**GIVEN DATA:**
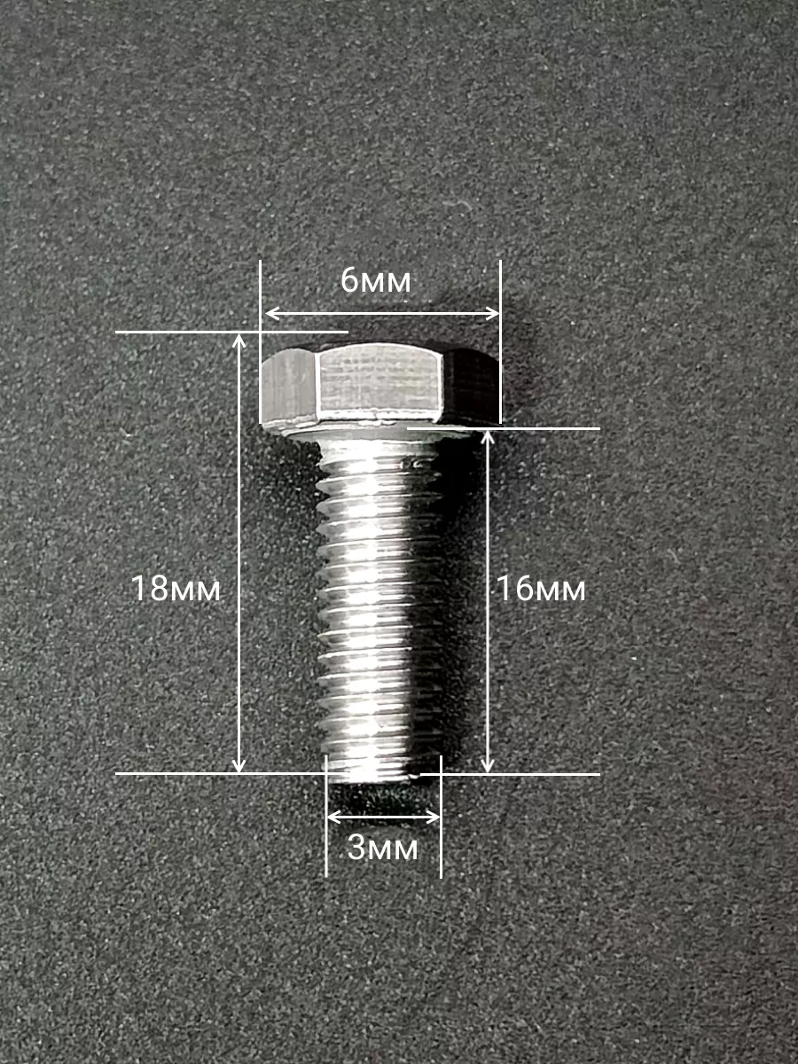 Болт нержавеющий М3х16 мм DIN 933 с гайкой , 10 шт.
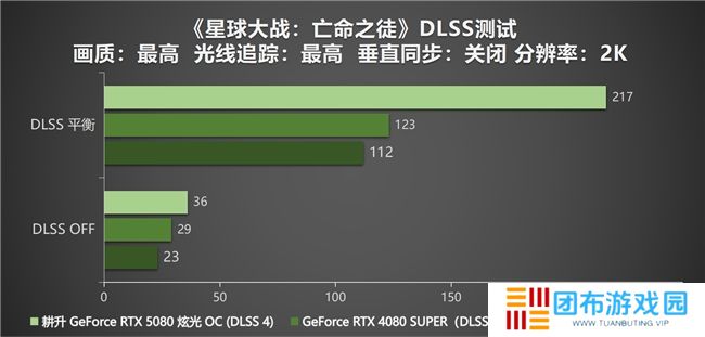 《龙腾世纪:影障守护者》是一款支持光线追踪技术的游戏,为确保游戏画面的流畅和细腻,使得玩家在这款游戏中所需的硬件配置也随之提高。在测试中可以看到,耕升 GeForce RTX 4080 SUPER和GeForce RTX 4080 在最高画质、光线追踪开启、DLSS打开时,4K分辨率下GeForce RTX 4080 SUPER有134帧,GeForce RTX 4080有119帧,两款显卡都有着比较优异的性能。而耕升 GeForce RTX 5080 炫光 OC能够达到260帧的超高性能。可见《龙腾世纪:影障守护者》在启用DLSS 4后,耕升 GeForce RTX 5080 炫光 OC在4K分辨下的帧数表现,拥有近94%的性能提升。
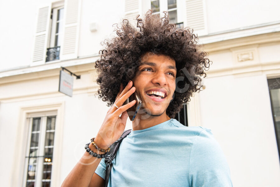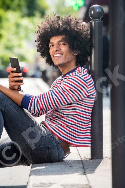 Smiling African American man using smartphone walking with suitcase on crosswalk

**WORK REQUEST:** Copy nothing but the lines from the top of the data down to the line containing "5080 炫光 OC在4K分辨下的帧数表现,拥有近94%的性能提升。", and leave the pictures out.

**ANSWER BOX:**
 Болт нержавеющий М3х16 мм DIN 933 с гайкой , 10 шт.
 《龙腾世纪:影障守护者》是一款支持光线追踪技术的游戏,为确保游戏画面的流畅和细腻,使得玩家在这款游戏中所需的硬件配置也随之提高。在测试中可以看到,耕升 GeForce RTX 4080 SUPER和GeForce RTX 4080 在最高画质、光线追踪开启、DLSS打开时,4K分辨率下GeForce RTX 4080 SUPER有134帧,GeForce RTX 4080有119帧,两款显卡都有着比较优异的性能。而耕升 GeForce RTX 5080 炫光 OC能够达到260帧的超高性能。可见《龙腾世纪:影障守护者》在启用DLSS 4后,耕升 GeForce RTX 5080 炫光 OC在4K分辨下的帧数表现,拥有近94%的性能提升。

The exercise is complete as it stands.